The infelicitous argument over the Sheba farms is part of a larger problem affecting Syrian-Lebanese relations. Beirut's ability to build a modern state depends to a large extent on redefining the one-sided Syrian-Lebanese relationship. The irresponsible manner with which Lebanese officials approached the Sheba farms in 2000 shows clearly the unhealthy nature of this relationship. The project of building a modern state in Lebanon is unlikely to be implemented as long as the political survival of its ruling elite remains dependent on Damascus. Constructing a modern state in Lebanon will probably remain out of reach as long as Lebanese-Syrian interactions are hostage to tribal and sectarian interests rooted in Beirut's complex political system.

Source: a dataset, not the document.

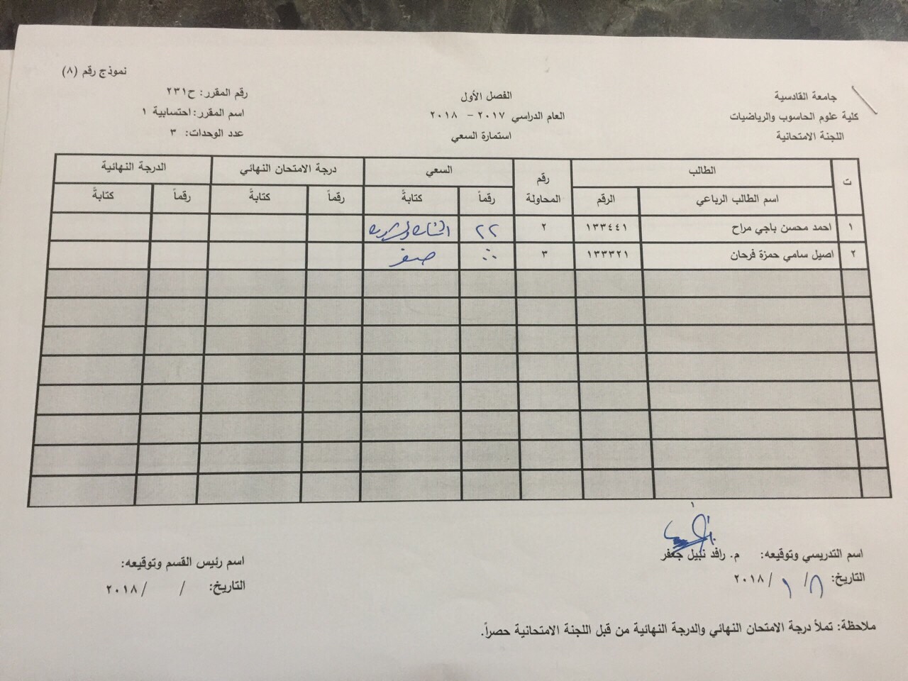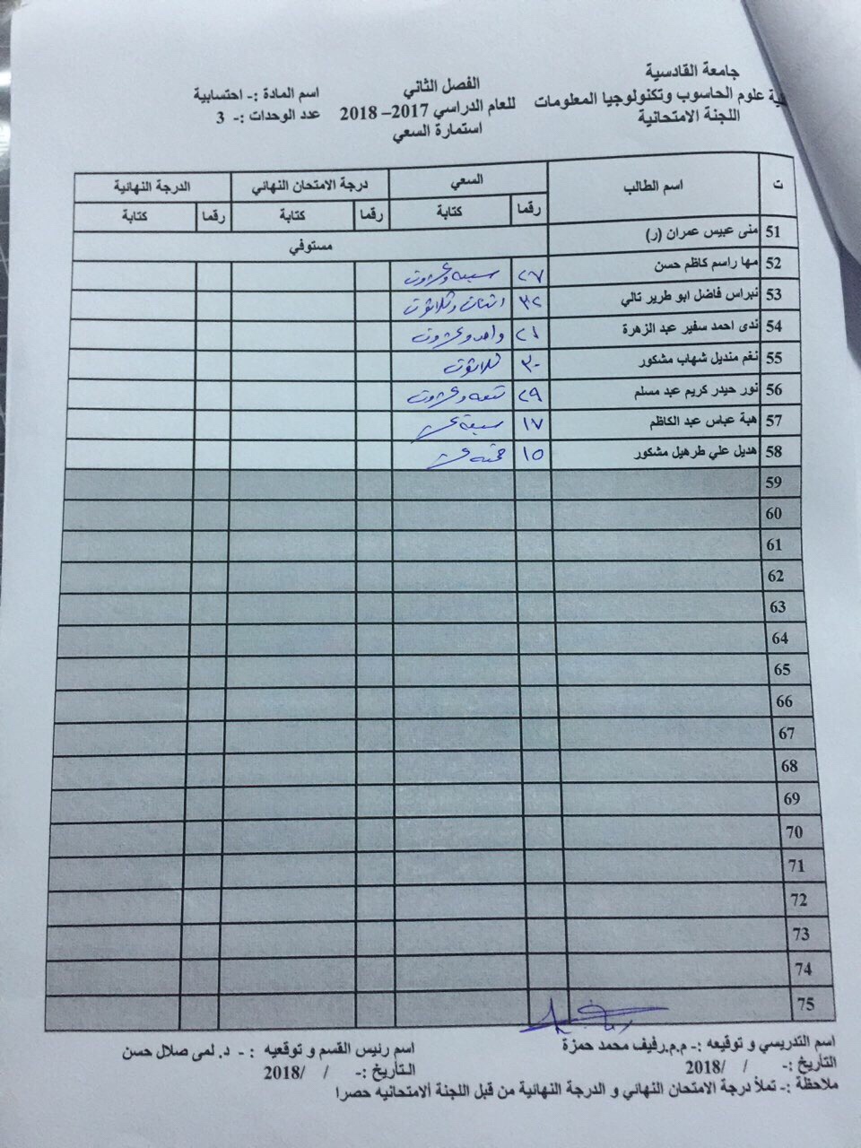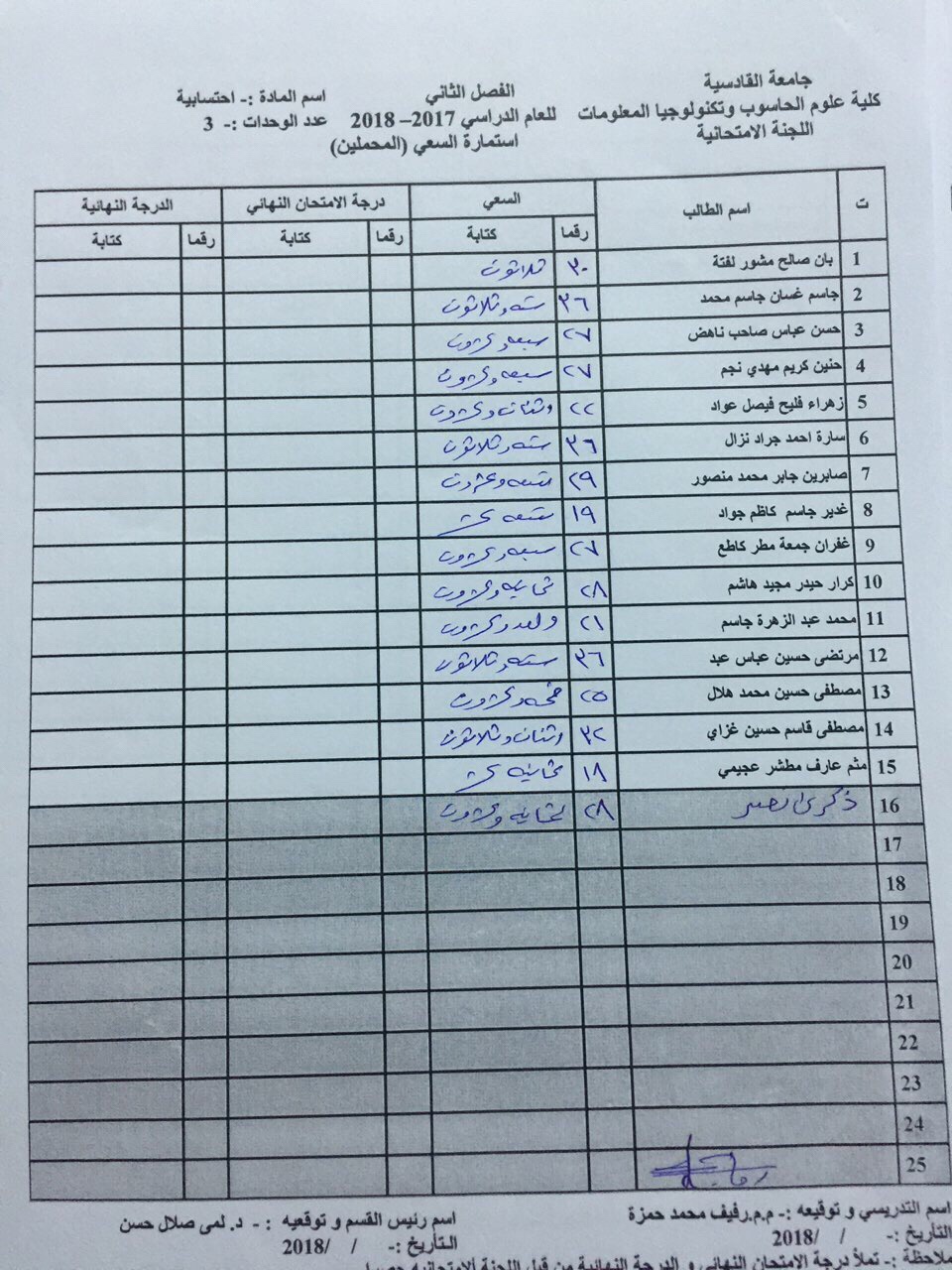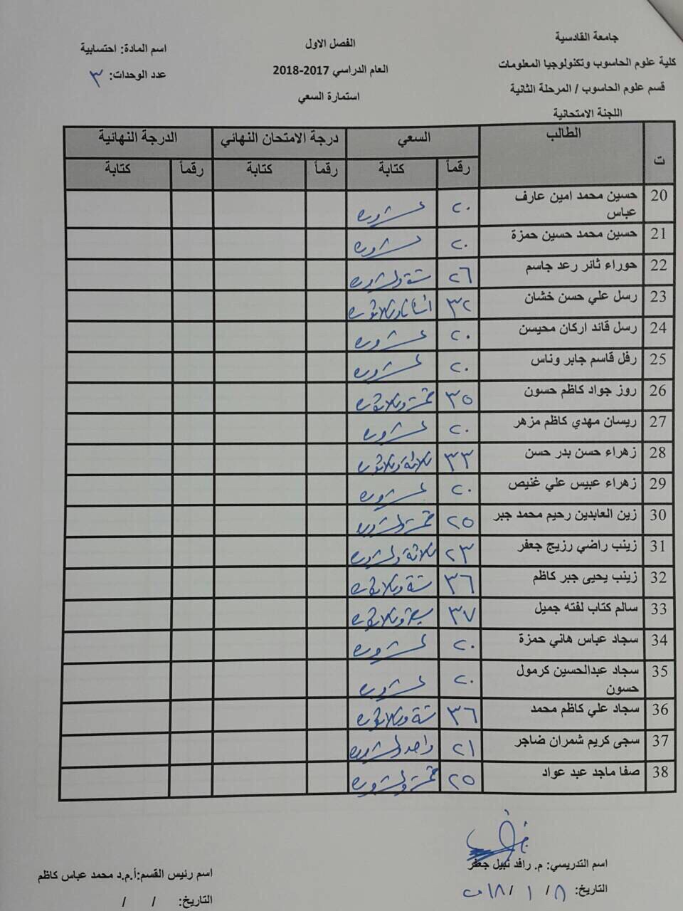 درجات السعي السنوي لمادة احسابية لجميع الاقسام
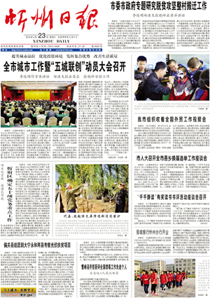 4月22日,忻州市召開會議,動員全市開展“五城聯(lián)創(chuàng)”工作。提出了要以建設(shè)宜居忻州、造福人民群眾為目的、以“創(chuàng)衛(wèi)”為基礎(chǔ)、以“創(chuàng)園”為重點的創(chuàng)建國家衛(wèi)生城市、省級園林城市、國家環(huán)保模范城市、省級智慧城市、省級文明城市。同時宣布成立了“五城聯(lián)創(chuàng)”總指揮部,全面推進了“五城聯(lián)創(chuàng)”工作。9月2日和12月9日,我市相繼召開忻州城區(qū)創(chuàng)建國家衛(wèi)生城市大會和再動員大會,對創(chuàng)衛(wèi)工作再部署、任務(wù)再明確,進一步動員市、區(qū)各級各部門提高認識,明確責(zé)任,強化措施,狠抓落實,確保城區(qū)順利創(chuàng)建國家衛(wèi)生城市。目前中心城區(qū)創(chuàng)建國家衛(wèi)生城市通過專家暗訪,14個縣(市、區(qū))實現(xiàn)創(chuàng)衛(wèi)全覆蓋,全省唯一。中心城區(qū)和原平、五臺、寧武、岢嵐創(chuàng)建省級園林城市通過省考核驗收,數(shù)量全省第一。加強大氣污染防治,全年二級以上天氣同比增加9天,是全省完成年度目標(biāo)任務(wù)的3個市之一。(2016年4月23日《忻州日報》)

However, the beginning of 2001 witnessed critical developments on the Lebanese-Syrian front. Israel's retreat, coupled with Assad's death and the Parliamentary elections in August and September, emboldened many Lebanese citizens and motivated them to question the nature and character of their country's dependency on Damascus. The debate on this issue is no longer restricted to the Christians, particularly the Maronites and their Patriarch, Nasrallah Sfeir, who advocated the restructuring of Syrian-Lebanese relations in order for Lebanon to regain its independence and sovereignty and for Syria to end its flagrant interference in the country's internal affairs. In August last year during their annual retreat the Maronite bishops inaugurated the new campaign by releasing a statement that called for a dramatic shift in Lebanon's relations with Syria. Sfeir subsequently escalated the onslaught against Damascus' hegemony and criticized the Lebanese authorities for their submission and dependence.

For a while in the summer 2000, the dominant call for reclaiming Lebanon's sovereignty was restricted to the Maronite Christians, threatening to get transformed into a sectarian fight between, on the one hand, the Muslims, who appeared to be pro-Syrian and, on the other, the Christians, who advanced a Lebanon's first approach. During the Parliamentary elections and in its aftermath, however, Walid Jumblatt, an influential Druze leader, dropped a historic bomb by joining the growing calls in Lebanon for Syria to refrain for interfering in the country's internal affairs as well as re-deploy its troops from Beirut and other cities and towns to the Bekaa valley in accordance with the Taif accords. Jumblatt and other critics pointed that Syria and its ruling clients in Beirut ignored and violated the main clause in the Taif accords, which regulated the Syrian military presence in Lebanon. The Syrians and their allies in Lebanon could no longer accuse the opposition of being narrow, sectarian, and unrepresentative. Jumblatt's intervention changed the nature of the debate and broadened the opposition's social and political base.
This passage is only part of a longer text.